→ **Records shown**:
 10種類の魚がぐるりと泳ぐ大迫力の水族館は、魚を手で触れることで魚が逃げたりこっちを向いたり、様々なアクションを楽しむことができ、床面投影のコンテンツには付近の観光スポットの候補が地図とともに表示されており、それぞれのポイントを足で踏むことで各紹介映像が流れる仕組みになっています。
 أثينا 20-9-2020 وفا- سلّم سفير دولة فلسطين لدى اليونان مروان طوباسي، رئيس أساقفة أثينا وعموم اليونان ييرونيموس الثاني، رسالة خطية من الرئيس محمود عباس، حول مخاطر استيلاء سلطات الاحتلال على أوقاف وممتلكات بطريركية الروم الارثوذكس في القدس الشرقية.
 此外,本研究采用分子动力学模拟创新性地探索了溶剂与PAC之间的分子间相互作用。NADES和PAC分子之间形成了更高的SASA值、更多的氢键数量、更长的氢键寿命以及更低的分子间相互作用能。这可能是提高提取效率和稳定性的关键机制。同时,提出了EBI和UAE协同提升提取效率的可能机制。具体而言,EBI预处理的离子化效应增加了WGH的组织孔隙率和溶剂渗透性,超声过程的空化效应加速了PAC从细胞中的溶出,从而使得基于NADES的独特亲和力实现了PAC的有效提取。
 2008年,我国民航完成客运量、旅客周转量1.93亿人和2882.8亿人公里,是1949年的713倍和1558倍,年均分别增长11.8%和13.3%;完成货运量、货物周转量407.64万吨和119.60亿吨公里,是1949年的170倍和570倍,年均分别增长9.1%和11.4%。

* * *

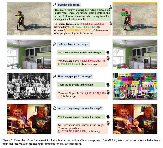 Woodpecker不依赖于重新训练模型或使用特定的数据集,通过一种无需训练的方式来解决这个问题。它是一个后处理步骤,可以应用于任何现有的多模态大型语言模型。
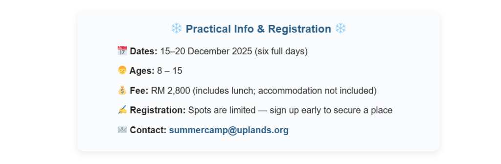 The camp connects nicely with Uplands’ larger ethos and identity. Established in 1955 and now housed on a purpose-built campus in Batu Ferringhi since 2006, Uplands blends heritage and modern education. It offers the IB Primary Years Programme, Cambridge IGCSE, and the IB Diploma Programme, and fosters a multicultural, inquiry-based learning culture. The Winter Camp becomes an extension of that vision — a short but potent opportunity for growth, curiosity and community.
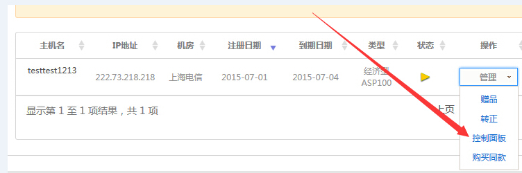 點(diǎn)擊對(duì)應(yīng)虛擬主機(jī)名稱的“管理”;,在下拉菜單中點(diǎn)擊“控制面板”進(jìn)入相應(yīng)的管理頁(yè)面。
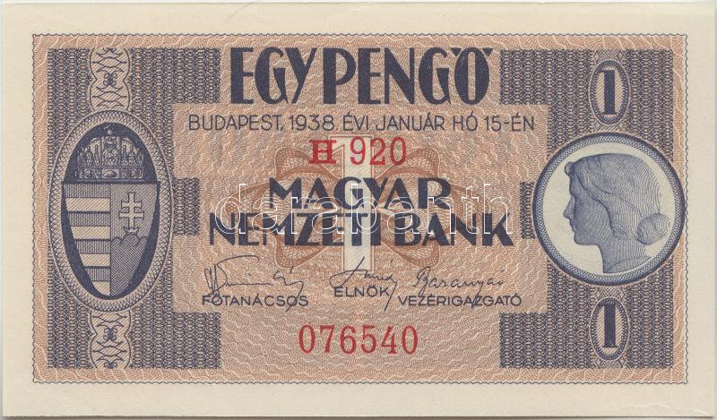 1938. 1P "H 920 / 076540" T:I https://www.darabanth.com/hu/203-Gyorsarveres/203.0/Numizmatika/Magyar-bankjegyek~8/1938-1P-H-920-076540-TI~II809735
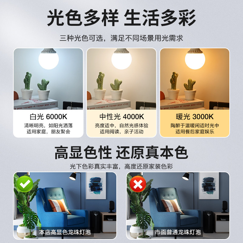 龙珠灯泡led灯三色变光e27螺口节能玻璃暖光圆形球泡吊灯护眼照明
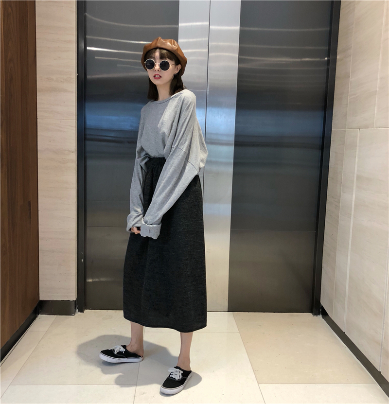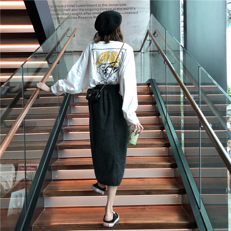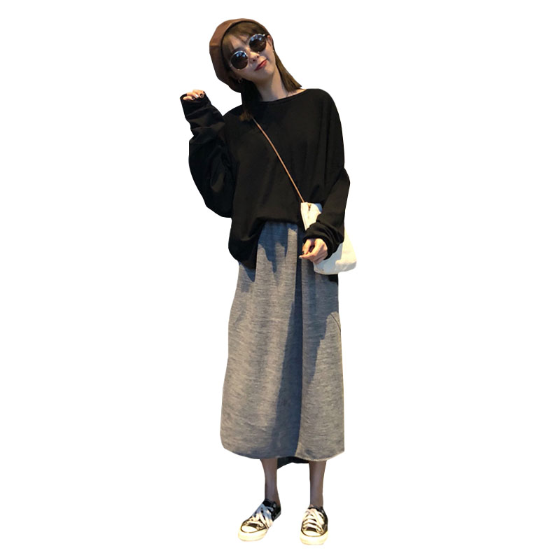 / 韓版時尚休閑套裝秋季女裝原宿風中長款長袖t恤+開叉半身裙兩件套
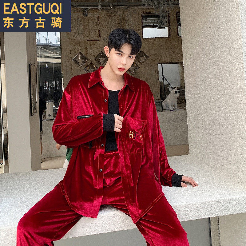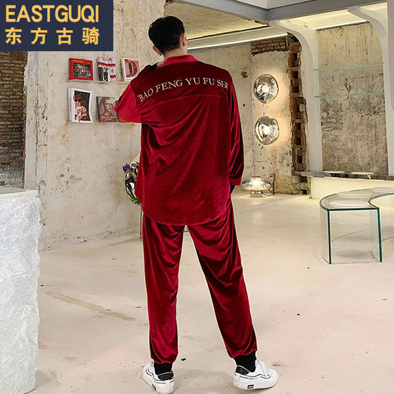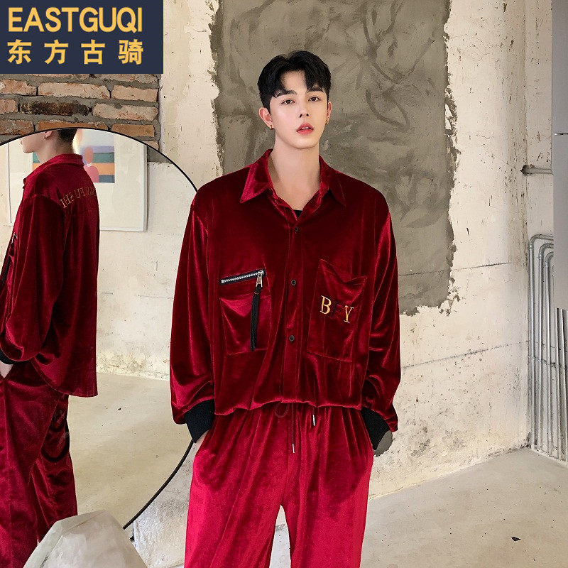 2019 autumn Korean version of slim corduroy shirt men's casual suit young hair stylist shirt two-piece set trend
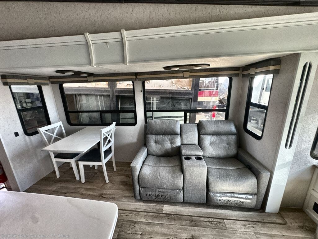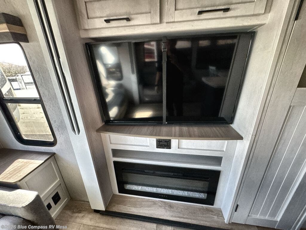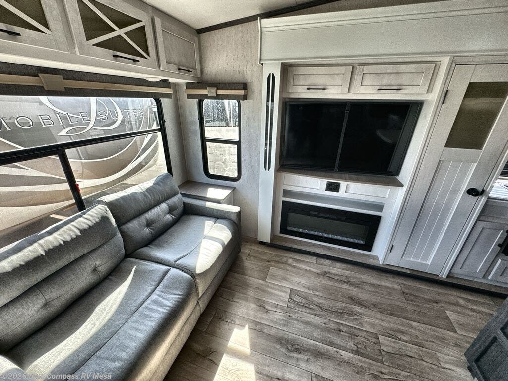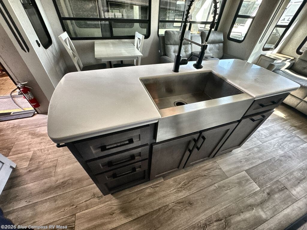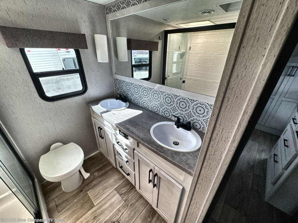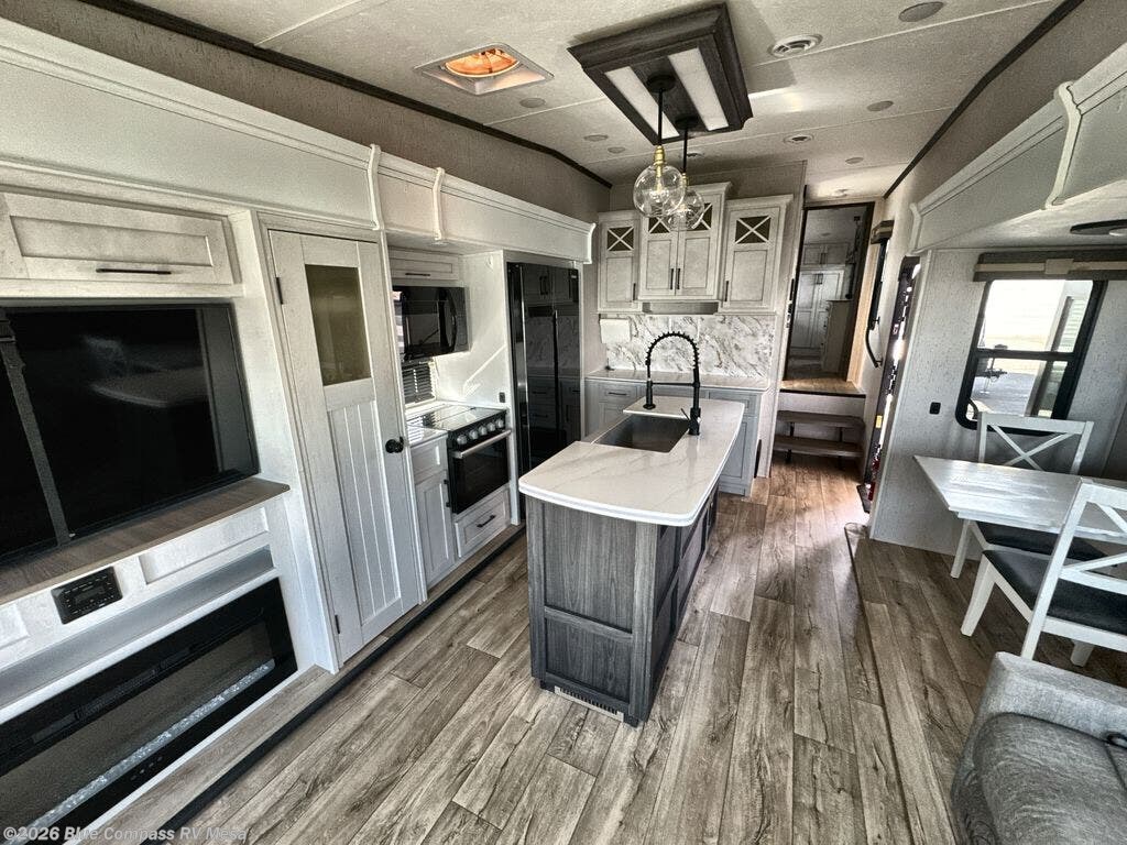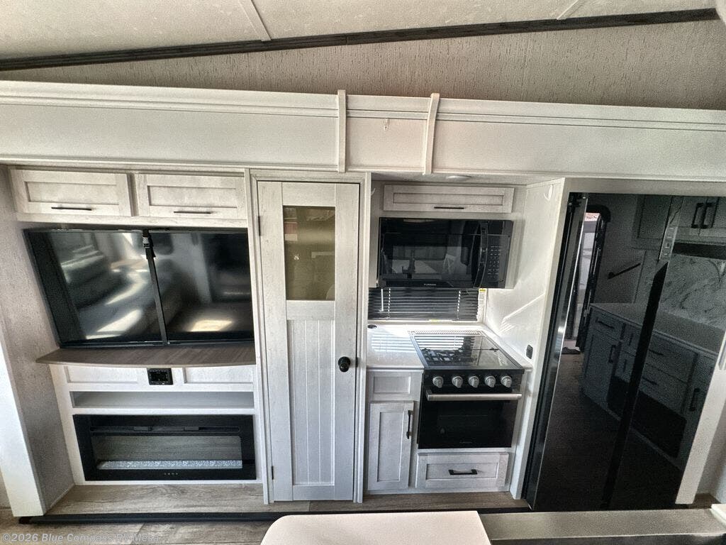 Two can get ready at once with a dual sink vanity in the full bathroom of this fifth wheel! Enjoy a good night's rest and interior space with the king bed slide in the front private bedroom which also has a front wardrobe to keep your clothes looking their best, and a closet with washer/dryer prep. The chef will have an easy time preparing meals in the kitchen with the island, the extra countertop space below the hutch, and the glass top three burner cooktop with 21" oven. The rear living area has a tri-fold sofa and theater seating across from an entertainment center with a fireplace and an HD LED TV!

* * *

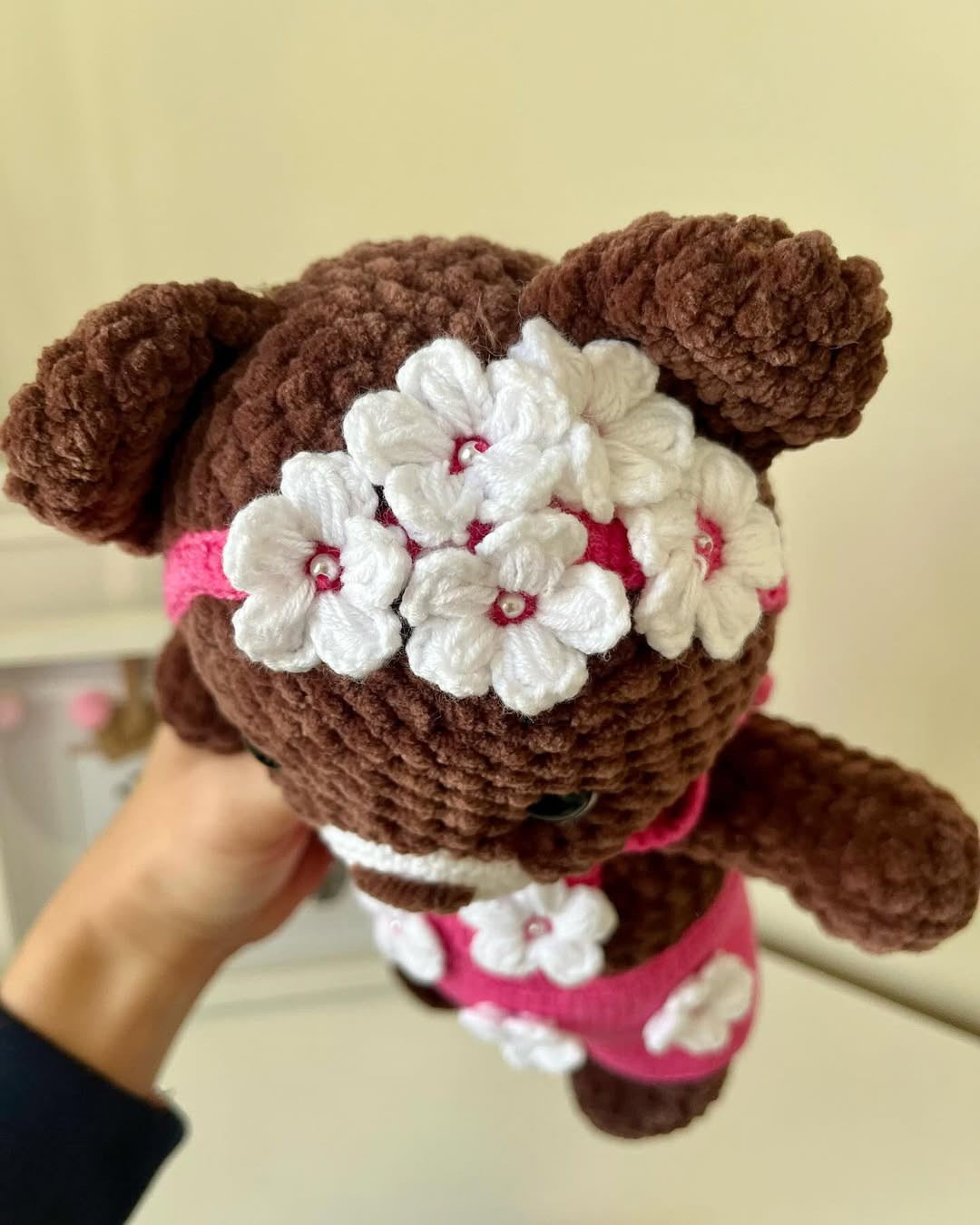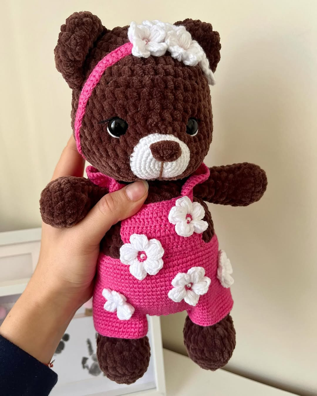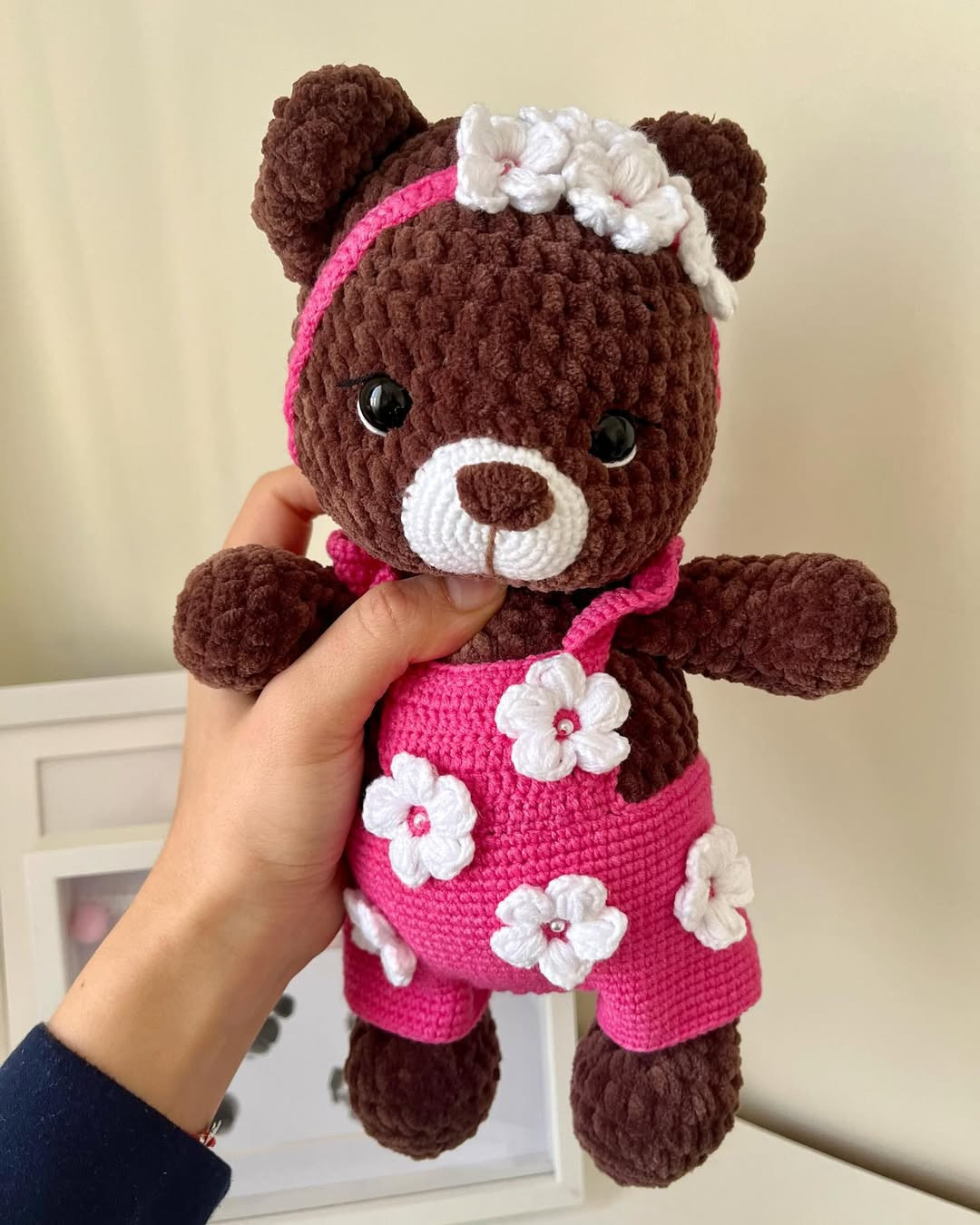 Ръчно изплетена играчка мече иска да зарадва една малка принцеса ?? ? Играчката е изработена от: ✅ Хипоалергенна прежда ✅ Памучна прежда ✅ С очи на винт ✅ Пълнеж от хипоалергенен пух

→ **The problem**: In the entries above, find the line containing "點(diǎn)擊對(duì)" and the line containing "Two can get", then copy both and every line between them exactly, without any picture.

→ **Answer area**:
 點(diǎn)擊對(duì)應(yīng)虛擬主機(jī)名稱的“管理”;,在下拉菜單中點(diǎn)擊“控制面板”進(jìn)入相應(yīng)的管理頁(yè)面。
 1938. 1P "H 920 / 076540" T:I https://www.darabanth.com/hu/203-Gyorsarveres/203.0/Numizmatika/Magyar-bankjegyek~8/1938-1P-H-920-076540-TI~II809735
 龙珠灯泡led灯三色变光e27螺口节能玻璃暖光圆形球泡吊灯护眼照明
 / 韓版時尚休閑套裝秋季女裝原宿風中長款長袖t恤+開叉半身裙兩件套
 2019 autumn Korean version of slim corduroy shirt men's casual suit young hair stylist shirt two-piece set trend
 Two can get ready at once with a dual sink vanity in the full bathroom of this fifth wheel! Enjoy a good night's rest and interior space with the king bed slide in the front private bedroom which also has a front wardrobe to keep your clothes looking their best, and a closet with washer/dryer prep. The chef will have an easy time preparing meals in the kitchen with the island, the extra countertop space below the hutch, and the glass top three burner cooktop with 21" oven. The rear living area has a tri-fold sofa and theater seating across from an entertainment center with a fireplace and an HD LED TV!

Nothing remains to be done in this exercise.